Information supplied:

━━━━━━

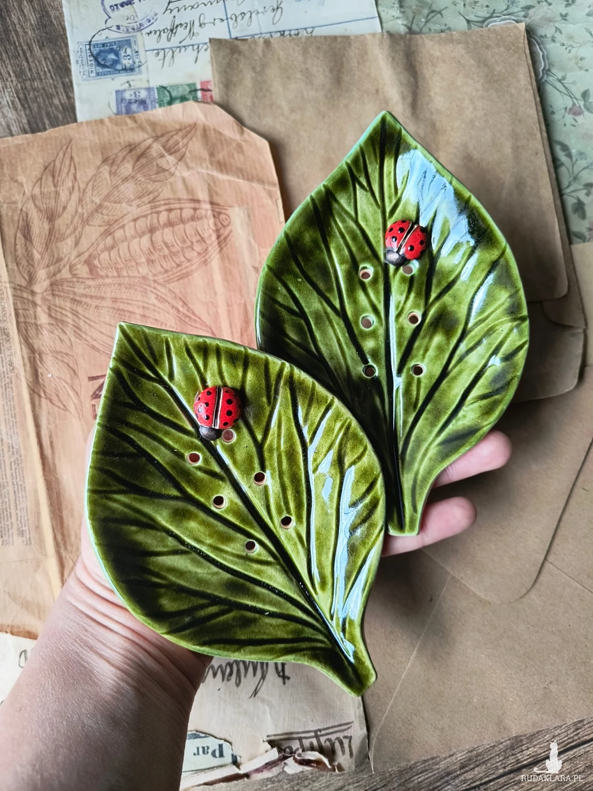 Mydelniczki ceramiczne w kształcie liścia, wykonane z gliny szamotowej wypalone na biskwit, a następnie szkliwione w temperaturze 1260 stopni C. Wymiary ok 13,5 x 8 cm cm. W pięknej butelkowej kolorystyce. Idealne do ozdoby domu lub jako prezent okolicznościowy. Serdecznie polecam!!!
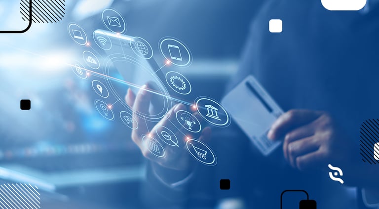 Mão segurando celular com artes relacionadas ao setor financeiro.
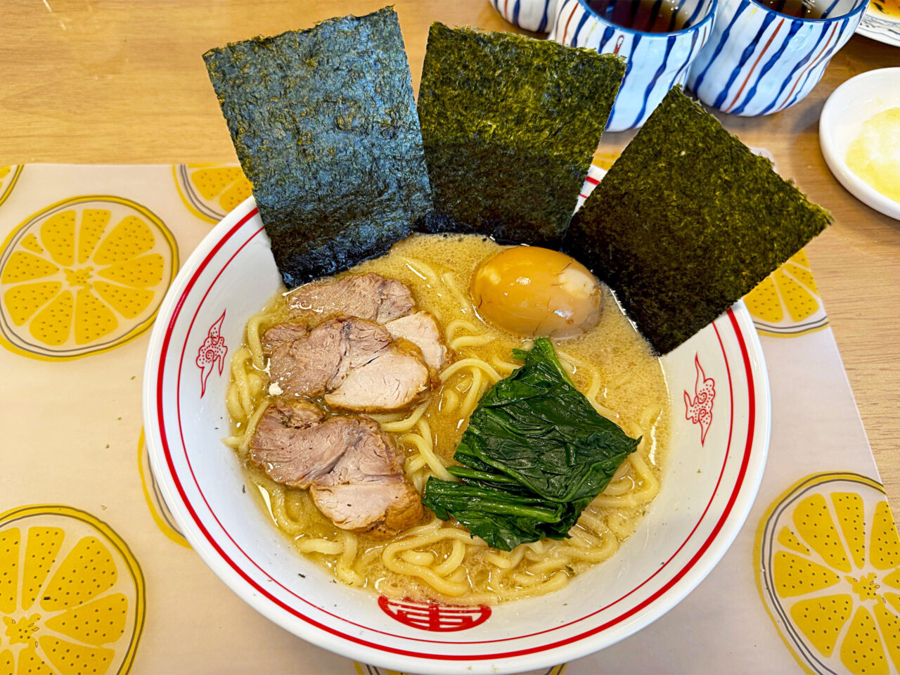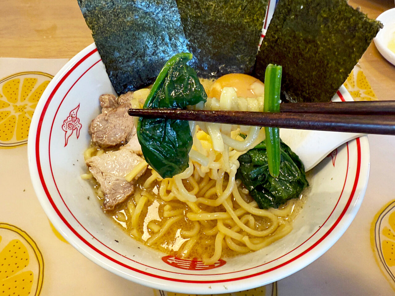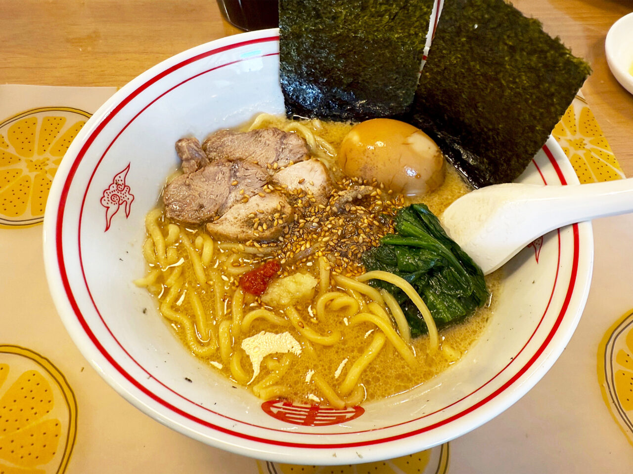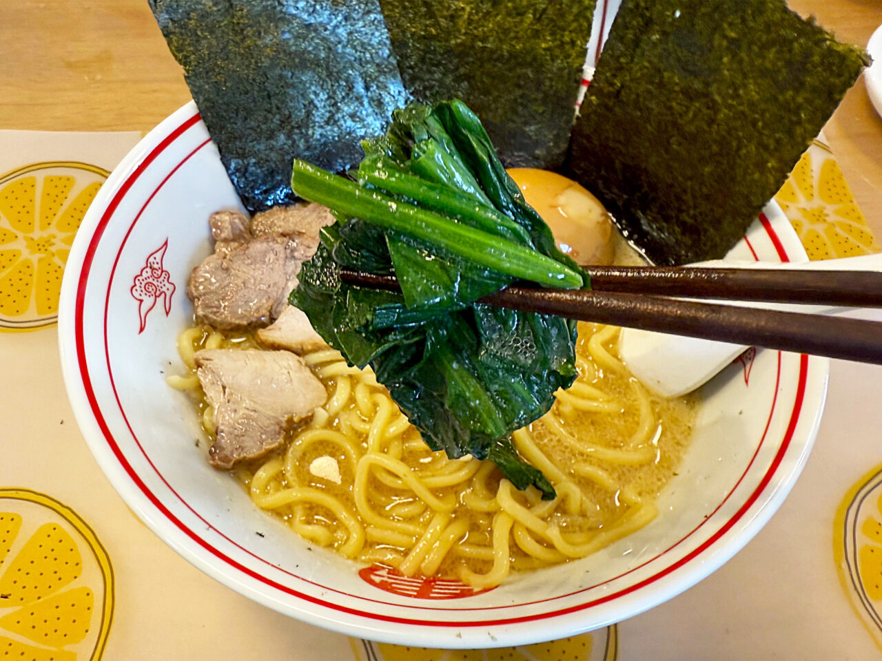 大きめの海苔を3枚載せると、アノ「豚骨醬油ラーメン」っぽくなります。
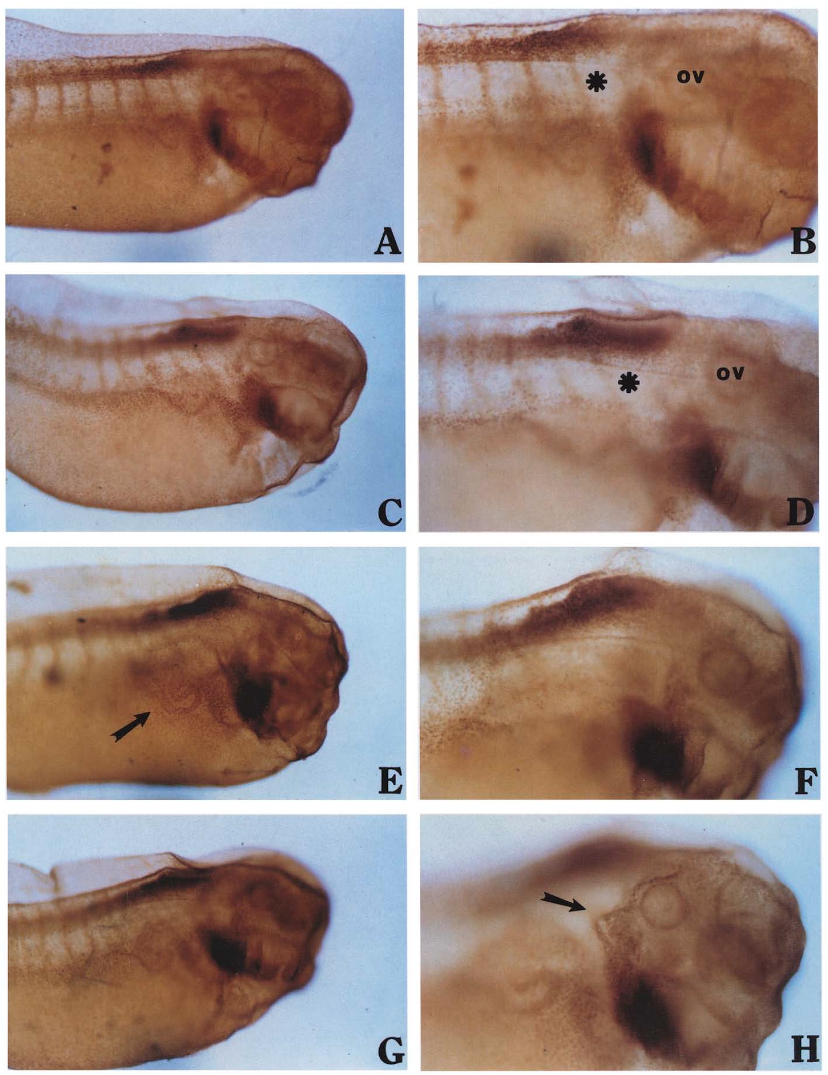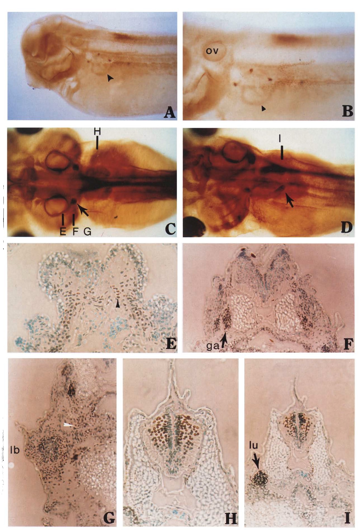 antibody. Notice strong labelling in the IX-X ganglia (arrow) and in the caudal hindbrain. The branchial arches are also stained (E, F, G) and

━━━━━━

What is expected: Write out the material above once more, word for word. Images stay out.

Written answer:
 Mydelniczki ceramiczne w kształcie liścia, wykonane z gliny szamotowej wypalone na biskwit, a następnie szkliwione w temperaturze 1260 stopni C. Wymiary ok 13,5 x 8 cm cm. W pięknej butelkowej kolorystyce. Idealne do ozdoby domu lub jako prezent okolicznościowy. Serdecznie polecam!!!
 Mão segurando celular com artes relacionadas ao setor financeiro.
 大きめの海苔を3枚載せると、アノ「豚骨醬油ラーメン」っぽくなります。
 antibody. Notice strong labelling in the IX-X ganglia (arrow) and in the caudal hindbrain. The branchial arches are also stained (E, F, G) and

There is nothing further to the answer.